**REQUIRED WORK**
What this exercise needs is every entry restated as written, with no pictures.

**********

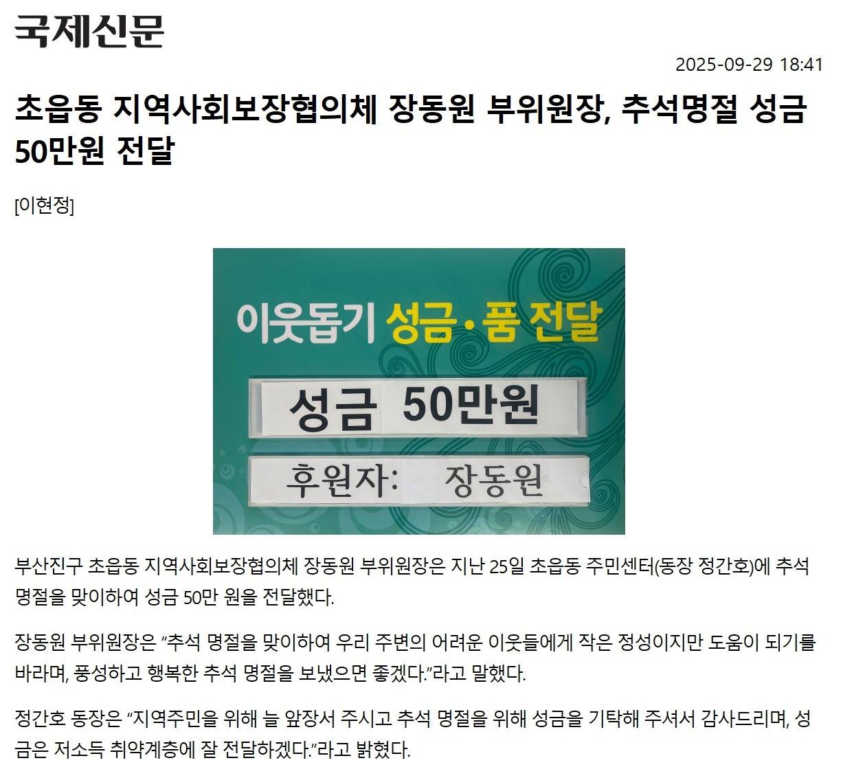 [초읍동] 지역사회보장협의체 장동원 부위원장, 추석명절성금 50만원 전달
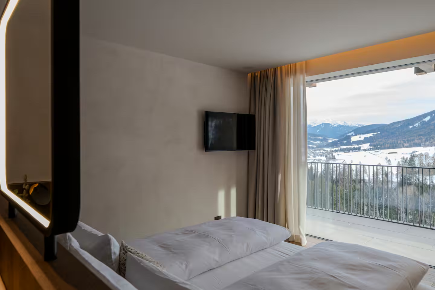 Perched above Olang at 1,250 meters and surrounded by meadows and forests, the chalet offers panoramic views and an ideal balance between peaceful seclusion and direct access to outdoor adventure. It is the perfect setting for an undisturbed nature getaway, as well as a base for unforgettable ski and hiking holidays.
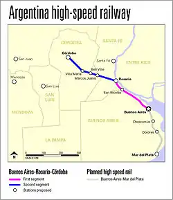 The Buenos Aires–Rosario–Córdoba high-speed railway (Spanish: Tren de Alta Velocidad de Argentina – TAVe) was a project designed to link the Argentine cities of Buenos Aires, Rosario and Córdoba through a 710 km (440 mi) high-speed rail network. The plan, announced by then-President Néstor Kirchner during a press conference at the Casa Rosada on 26 April 2006,[2] would have been the first in Argentina[3] operating at up to 320 km/h (200 mph).[4] The entire project was dismissed due to the financial crisis of 2007–08.[5]
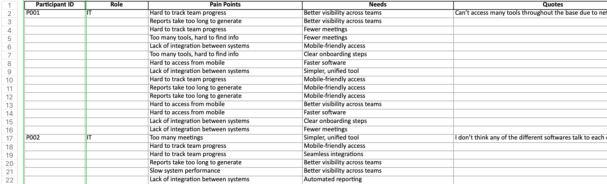First, I condensed and consolidated the raw notes into Excel (~360 lines), and coded them as Actions, Opinions, or Perceptions. I also anonymized the respondents and applied a code to differentiate by role.
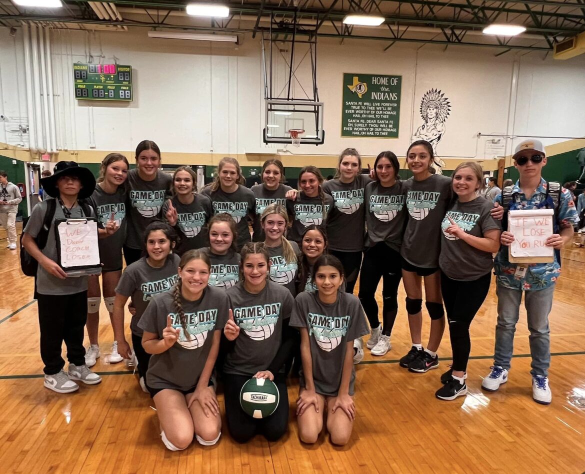 Santa Fe Junior High’s Faculty faced the 8th Grade Volleyball Team this past Friday. It was a nail biter, but ultimately, the 8th grade team won!! The Faculty team fought until the end! All students and staff had a great time supporting their classmates and teachers!
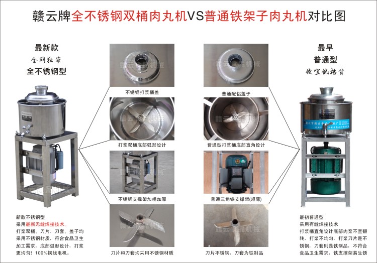 最新款全不銹鋼型肉丸機vs不銹鋼型肉丸機vs普通型肉丸機細節(jié)對比圖:
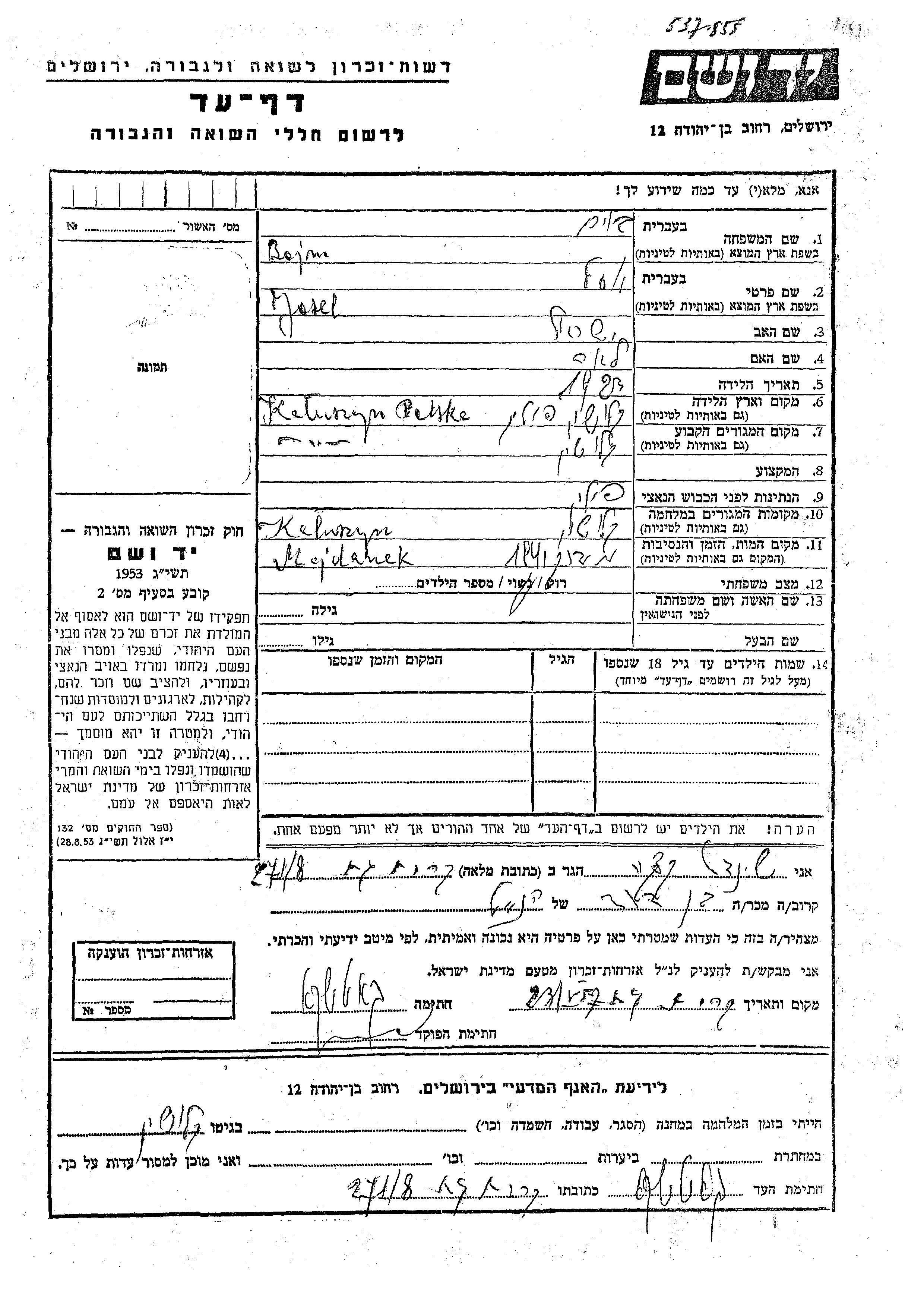Josel Boim wurde im Jahr 1923 in Kaluszyn, Polen geboren. Er war der Sohn von Yisrael und Lea. Er war Ledig. Vor dem Zweiten Weltkrieg lebte er in Kaluszyn, Polen. Während des Krieges war er in Kaluszyn, Polen.
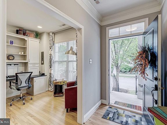 METICULOUSLY MAINTAINED FORMER COMMUNITY MODEL HOME W/ 4 FINISHED LEVELS OF UPGRADED STYLE & SPACE - located just steps to downtown Towson this former Bozutto Homes model offers the most discerning buyer all the available luxuries and amenities in Towson Green including recently added home office at ground level with custom built-in cabinetry, granite counter tops, under cabinet lighting and convenient half bath leading to a temperature controlled 1 car garage. The home features hardwood floors and crown molding throughout, designer kitchen with ss appliances, quartz counter tops and tile back splash with private rear deck off kitchen, separate dining room and light filled large living room. Upper levels provide two bedrooms suites with luxurious baths, dual sinks in owner suite, walk-in closet, convenient hallway laundry and top level bedroom/club room complete with brand new full bath and wet bar leading to your roof top deck great for entertaining! Remainder of 10 year tax credit exists on this home saving the buyer 50% annually on property taxes - tons of upgrades added & great location w/ easy street parking in front of home make it the best home available in the community, come take a look!
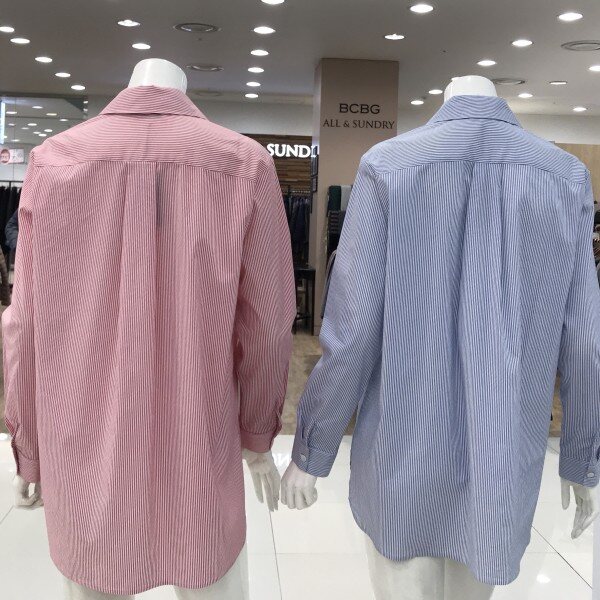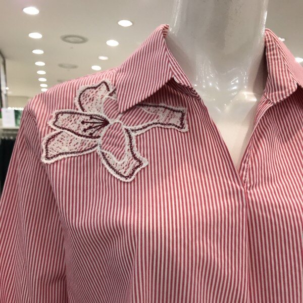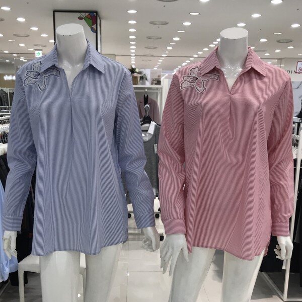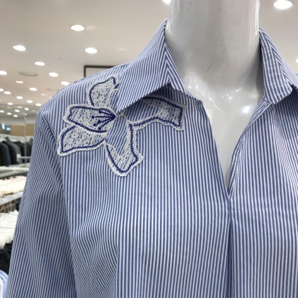 꽃 자수가 멋스럽게 포인트인스트라이프 셔츠입니다
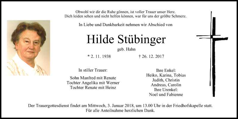 Hier finden Sie alle Traueranzeigen aus der Zeitung, die bisher für Hilde Sübinger erschienen sind. Weitere Traueranzeigen, die in der Zeitung erscheinen, werden hier ebenfalls aufgelistet
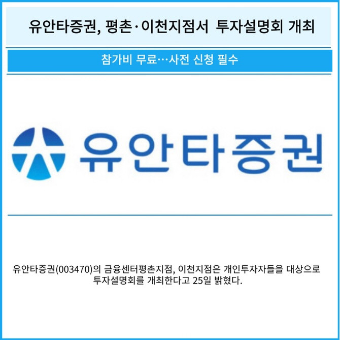 [카드] 유안타증권, 평촌·이천지점서 투자설명회 개최
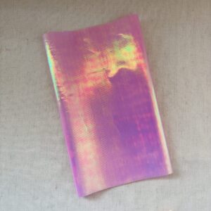 光の反射(?)の関係で写真写りがちょっとビミョーですが・・・オーロラ加工が施されたピンクの布地、多分舞台衣装用か何かのハギレだと思われます。
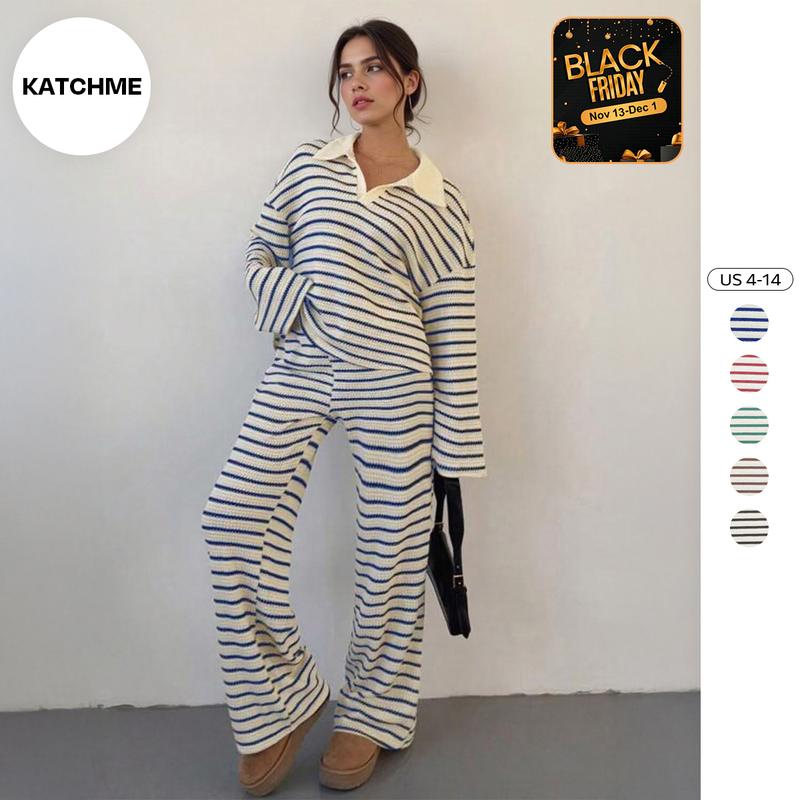KatchMe Women's Casual Color Matching Stripe Long Sleeve Top & Wide Leg Trousers Co-ord, Soft V-Neck Loose Two Piece Outfits, Comfortable Womenswear #BlackFriday#

**********

**ANSWER TO THIS TASK**
 [초읍동] 지역사회보장협의체 장동원 부위원장, 추석명절성금 50만원 전달
 Perched above Olang at 1,250 meters and surrounded by meadows and forests, the chalet offers panoramic views and an ideal balance between peaceful seclusion and direct access to outdoor adventure. It is the perfect setting for an undisturbed nature getaway, as well as a base for unforgettable ski and hiking holidays.
 The Buenos Aires–Rosario–Córdoba high-speed railway (Spanish: Tren de Alta Velocidad de Argentina – TAVe) was a project designed to link the Argentine cities of Buenos Aires, Rosario and Córdoba through a 710 km (440 mi) high-speed rail network. The plan, announced by then-President Néstor Kirchner during a press conference at the Casa Rosada on 26 April 2006,[2] would have been the first in Argentina[3] operating at up to 320 km/h (200 mph).[4] The entire project was dismissed due to the financial crisis of 2007–08.[5]
First, I condensed and consolidated the raw notes into Excel (~360 lines), and coded them as Actions, Opinions, or Perceptions. I also anonymized the respondents and applied a code to differentiate by role.
 Santa Fe Junior High’s Faculty faced the 8th Grade Volleyball Team this past Friday. It was a nail biter, but ultimately, the 8th grade team won!! The Faculty team fought until the end! All students and staff had a great time supporting their classmates and teachers!
 最新款全不銹鋼型肉丸機vs不銹鋼型肉丸機vs普通型肉丸機細節(jié)對比圖:
Josel Boim wurde im Jahr 1923 in Kaluszyn, Polen geboren. Er war der Sohn von Yisrael und Lea. Er war Ledig. Vor dem Zweiten Weltkrieg lebte er in Kaluszyn, Polen. Während des Krieges war er in Kaluszyn, Polen.
 METICULOUSLY MAINTAINED FORMER COMMUNITY MODEL HOME W/ 4 FINISHED LEVELS OF UPGRADED STYLE & SPACE - located just steps to downtown Towson this former Bozutto Homes model offers the most discerning buyer all the available luxuries and amenities in Towson Green including recently added home office at ground level with custom built-in cabinetry, granite counter tops, under cabinet lighting and convenient half bath leading to a temperature controlled 1 car garage. The home features hardwood floors and crown molding throughout, designer kitchen with ss appliances, quartz counter tops and tile back splash with private rear deck off kitchen, separate dining room and light filled large living room. Upper levels provide two bedrooms suites with luxurious baths, dual sinks in owner suite, walk-in closet, convenient hallway laundry and top level bedroom/club room complete with brand new full bath and wet bar leading to your roof top deck great for entertaining! Remainder of 10 year tax credit exists on this home saving the buyer 50% annually on property taxes - tons of upgrades added & great location w/ easy street parking in front of home make it the best home available in the community, come take a look!
 꽃 자수가 멋스럽게 포인트인스트라이프 셔츠입니다
 Hier finden Sie alle Traueranzeigen aus der Zeitung, die bisher für Hilde Sübinger erschienen sind. Weitere Traueranzeigen, die in der Zeitung erscheinen, werden hier ebenfalls aufgelistet
 [카드] 유안타증권, 평촌·이천지점서 투자설명회 개최
 光の反射(?)の関係で写真写りがちょっとビミョーですが・・・オーロラ加工が施されたピンクの布地、多分舞台衣装用か何かのハギレだと思われます。
KatchMe Women's Casual Color Matching Stripe Long Sleeve Top & Wide Leg Trousers Co-ord, Soft V-Neck Loose Two Piece Outfits, Comfortable Womenswear #BlackFriday#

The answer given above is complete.